Are things turning around?

Investors appreciated the second-quarter earnings results — not because the company is turning around yet, but because it showed better-than-expected results and encouraging guidance.

Revenue fell 6% year over year in the quarter to $127.6 million, better than the average analyst expectation of $124.5 million. Loss per share was $0.17, but Wall Street analysts were expecting $0.39.

Management expects revenue of $150 million in the third quarter, up from $135 million last year and better than the average analyst expectation of $135 million. It is calling for adjusted earnings before interest, taxes, depreciation and amortization (EBITDA) of $5 million, while analysts were expecting $13 million.
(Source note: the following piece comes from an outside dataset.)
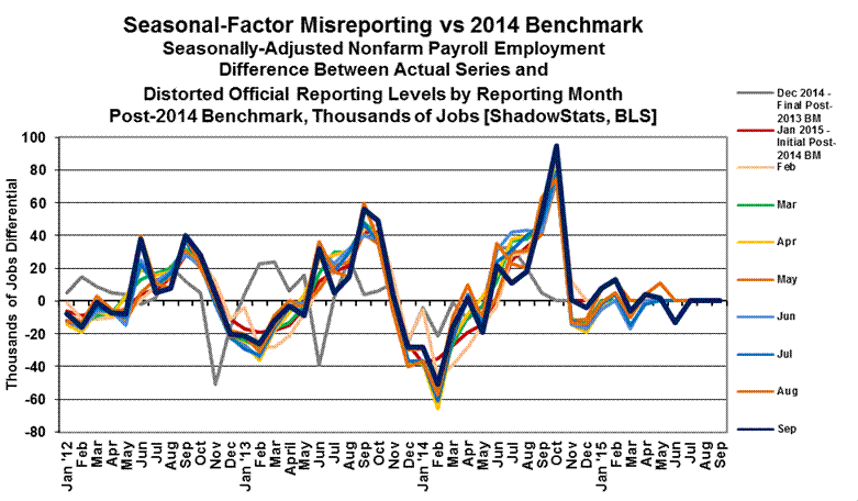 If the headline reporting were comparable and stable, month-after-month, all the lines in the graph would be flat and at zero. Here, with the payroll series, again, only the headline month and the prior month are consistent in terms of month-to-month reporting detail (headline August 2015 detail no longer is neither consistent nor comparable with data from July 2015 or earlier). Comparable with headline September and August reporting, July’s current headline jobs gain of 223,000 was understated by 13,000 (up by 235,000 on a consistent basis), while the gain for June 2015 is headline at 245,000, such now is 230,000, consistent with the September 2015 detail. Monthly discrepancies have been as large as 100,000 jobs (see the earlier section Inconsistent, Non-Comparable and Deliberately-Misstated Monthly Changes).

CEO Dave Girouard credited the company’s workers, rather than any outside forces, for the win. He noted three factors working in its favor: the AI ​​model, the improved funding offering and operational efficiency. Upstart was (and is) a young company before facing today’s challenges and is still building the model. Over time, he may have been better prepared to deal with the catastrophe and becomes increasingly prepared under these circumstances for future challenges.

The upstart continues to add lending partners, with more than 100 at the end of the quarter, and its home equity product is available in 30 U.S. states, plus Washington D.C. Management said that of its 300 home equity lines of credit (HELOC ) issued, had zero default values.
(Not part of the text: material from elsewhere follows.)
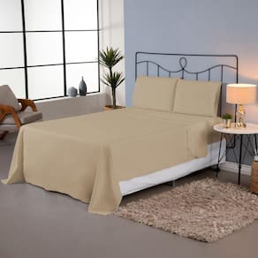 Jogo De Lençol Ponto Palito Completo 4 Peças Casal 80% Algodão / 20% Poliéster Percal 140 Fios Cor:cáqui

An additional factor in its favor is the reduction in interest rates. This is a boon for banks and lenders, and with more cheap money in supply, Upstart businesses should start to do well.

In this economy, a year is a long time

Things are starting to look brighter for Upstart, but it remains a super-volatile stock. It is up 58% from the second quarter report, while S&P 500 is increasing by 10%.

At the current price, it’s trading at a price-to-sales ratio of 6. That’s high given Upstart’s continued declines and losses. There is much hope in this assessment. If something goes wrong, Upstart’s stock could fall again.

A year from now, Upstart should be in a much better position. It will benefit from lower interest rates, which will allow it to regroup on more favorable terms. Revenue is already expected to rise in the current quarter, and higher revenue could quickly erase the losses. Analysts expect revenues to grow slightly this year and then grow by 27% next year, and earnings per share (EPS) to be positive in 2025.

The upstart has a lot of potential and could be a great stock to own one day, but it’s still pretty risky right now.